66. Bu durumda kötü muamele yasağının usul boyutuna yönelik ihlalin sonuçlarının ortadan kaldırılması için yeniden soruşturma yapılmasında hukuki yarar bulunmaktadır. Yapılacak yeniden soruşturma ise bireysel başvuruya özgü düzenleme içeren 6216 sayılı Kanun'un 50. maddesinin (2) numaralı fıkrasına göre ihlalin ve sonuçlarının ortadan kaldırılmasına yöneliktir. Bu kapsamda yapılması gereken iş yeniden soruşturma kararı verilerek Anayasa Mahkemesini ihlal sonucuna ulaştıran nedenleri gideren, ihlal kararında belirtilen ilkelere uygun yeni bir soruşturma yapılmasından ibarettir. Bu sebeple kararın bir örneğinin yeniden soruşturma yapılmak üzere Gaziantep Cumhuriyet Başsavcılığına gönderilmesine karar verilmesi gerekmektedir.

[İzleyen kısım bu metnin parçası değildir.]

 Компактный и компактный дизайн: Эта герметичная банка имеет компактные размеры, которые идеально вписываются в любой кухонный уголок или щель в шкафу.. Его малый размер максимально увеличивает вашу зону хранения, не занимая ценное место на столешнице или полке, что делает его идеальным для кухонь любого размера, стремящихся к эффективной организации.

67. Öte yandan somut olayda ihlalin tespit edilmesinin başvurucunun uğradığı zararların giderilmesi bakımından yetersiz kalacağı açıktır. Dolayısıyla eski hâle getirme kuralı çerçevesinde ihlalin bütün sonuçlarıyla ortadan kaldırılabilmesi için kötü muamele yasağının ihlali nedeniyle yalnızca ihlal tespitiyle giderilemeyecek olan manevi zararları karşılığında başvurucuya net 20.000 TL manevi tazminat ödenmesine karar verilmesi gerekir.

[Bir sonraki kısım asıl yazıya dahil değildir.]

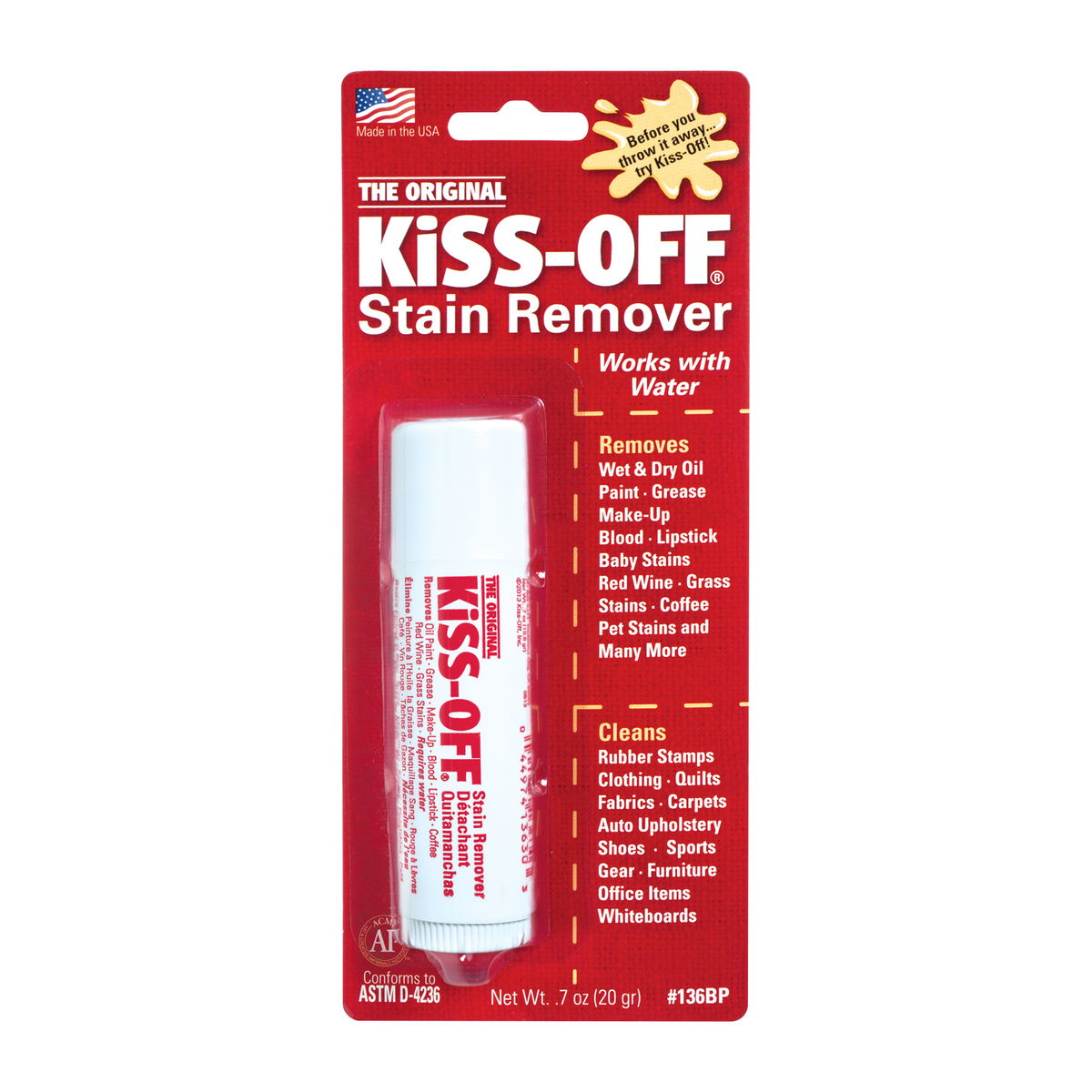 On the spot stain remover. Removes many hard to get stains. This all purpose stain remover is ideal for wet or dry oil paint tempera, clean/conditions rubber stamps as well as spots, blood and pencil marks on quilting. Also removes lipstick, make-up, baby spots, wine, grass stains, coffee, pet stains, and grease. It works on fabrics, carpet, car interiors, and computers. Just apply water, Kiss-Off and rinse! Non-toxic.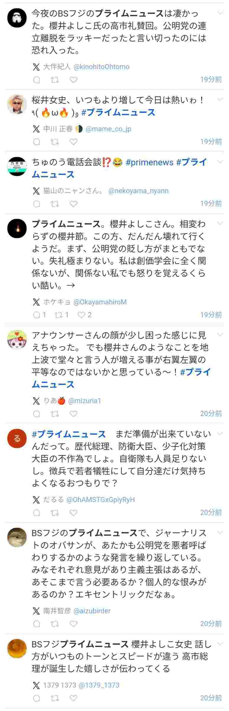 BSフジ・プライムニュースに絶賛出演中の櫻井よしこ女史、高市礼賛で好き勝手言いまくる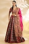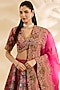 Featuring a magenta and blue lehenga in silk and organza base with abstract print, hand and machine embroidery. It is paired with a blouse and dupatta. Accentuate the look with statement jewellery, clutch and block heels for festive celebrations, mehendi, haldi or wedding ceremonies.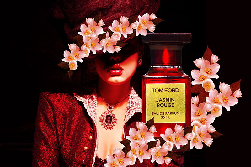 عطر زنانه تام فورد جاسمین رژ tom ford jasmine rouge محصول سال 2011 برند معروف تام فورد عطری است تند و شیرین. جاسمین رژ روژ با رایحه ی ملایمی از گل یاس آغاز می شود و کم کم شیرینی آن بیشتر می شود و در انتها به تلخی کمی از رایحه های چوبی می رسد. در طراحی بطری جاسمین رژ از خطوط صاف و بدون انحنا استفاده شده و شکل مکعب گونه آن حسی اصیل و قدرتمند را منتقل می کند. تام فورد جاسمین رژ در گروه عطرهای شرقی است و برای تمام فصول مناسب می باشد.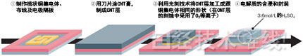 IEDC制造工艺的概要:(1)将U形金集电体组合成梳状,然后利用对电解质稀硫酸有很强防水性的环氧树脂(SU8)制作电极隔板。(2)用刀片在其上涂抹CNT膏,(3)利用光刻和蚀刻技术形成CNT层。此次采用了稀硫酸作为电解质。(图为日经技术在线根据产综研的资料绘制)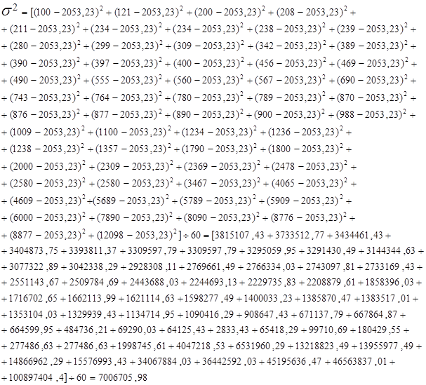 6. Рассчитаем дисперсию по средней арифметической для
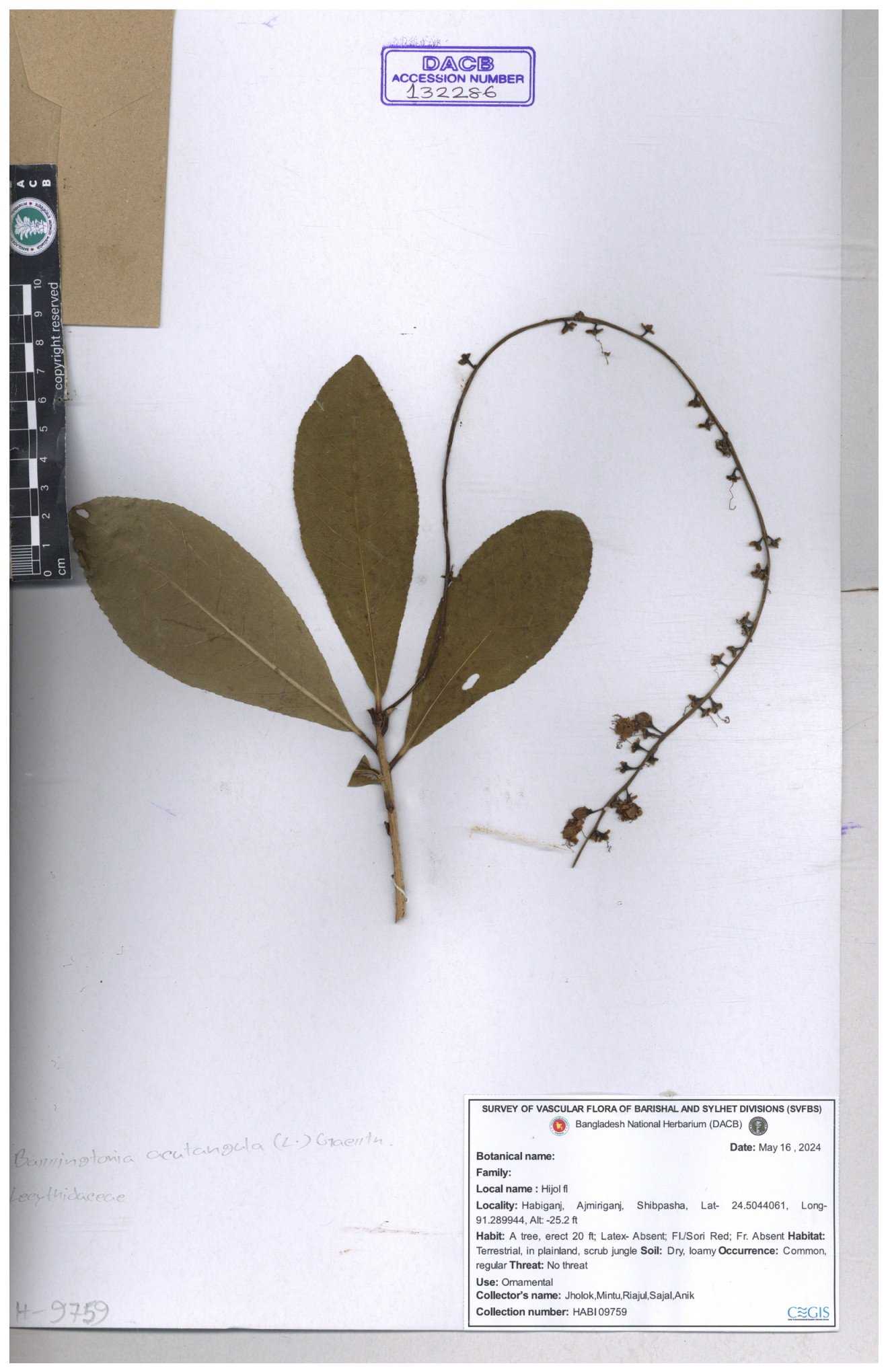 | 66270 | Lecythidaceae | Barringtonia acutangula | হিজল | Farhana Ahmed | 35 01-12-2021 |

68. Anayasa Mahkemesinin maddi tazminata hükmedebilmesi için başvurucunun uğradığını iddia ettiği maddi zarar ile tespit edilen ihlal arasında illiyet bağı bulunmalıdır. Başvurucunun bu konuda herhangi bir belge sunmamış olması nedeniyle maddi tazminat talebinin reddine karar verilmesi gerekir.

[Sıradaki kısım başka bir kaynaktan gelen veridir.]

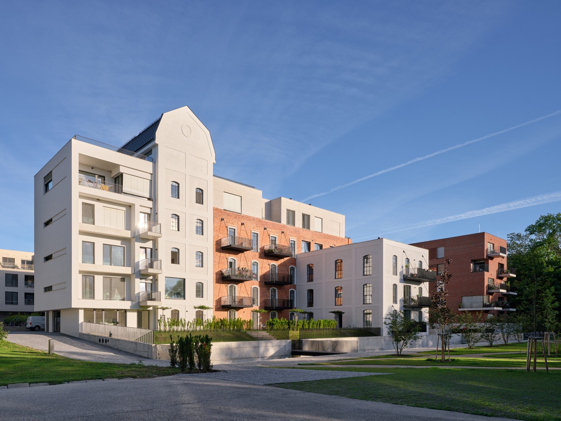 Celý projekt stojí na jednoduché myšlence: ponechat maximum industriálních prvků, doplnit je o jasně čitelné současné zásahy a vytvořit harmonický celek. Zámeček, silo, správní budova, nové domy, náměstí i park u řeky dnes tvoří jeden organismus, který si zachovává svou paměť a zároveň nabízí plnohodnotné bydlení.

69. 3.000 TL vekâlet ücretinden oluşan yargılama giderinin başvurucuya ödenmesine karar verilmesi gerekir.
VI. HÜKÜM
Açıklanan gerekçelerle;
A. Kötü muamele yasağının ihlal edildiğine ilişkin iddiasının KABUL EDİLEBİLİR OLDUĞUNA,
B. Anayasa’nın 17. maddesinin üçüncü fıkrasında güvence altına alınan kötü muamele yasağının usul boyutunun İHLAL EDİLDİĞİNE,
C. Kararın bir örneğinin kötü muamele yasağının usule ilişkin boyutunun ihlalinin ve sonuçlarının ortadan kaldırılması için yeniden soruşturma yapılmak üzere Gaziantep Cumhuriyet Başsavcılığına GÖNDERİLMESİNE,
D. Başvurucuya net 20.000 TL manevi tazminat ÖDENMESİNE, diğer tazminat taleplerinin REDDİNE,
E.3.000 TL vekâlet ücretinden oluşan yargılama giderinin başvurucuya ÖDENMESİNE,
F. Ödemenin, kararın tebliğini takiben başvurucunun Hazine ve Maliye Bakanlığına başvuru tarihinden itibaren dört ay içinde yapılmasına, ödemede gecikme olması hâlinde bu sürenin sona erdiği tarihten ödeme tarihine kadar geçen süre için yasal FAİZ UYGULANMASINA,
G. Kararın bir örneğinin Adalet Bakanlığına GÖNDERİLMESİNE 29/9/2020 tarihinde OYBİRLİĞİYLE karar verildi.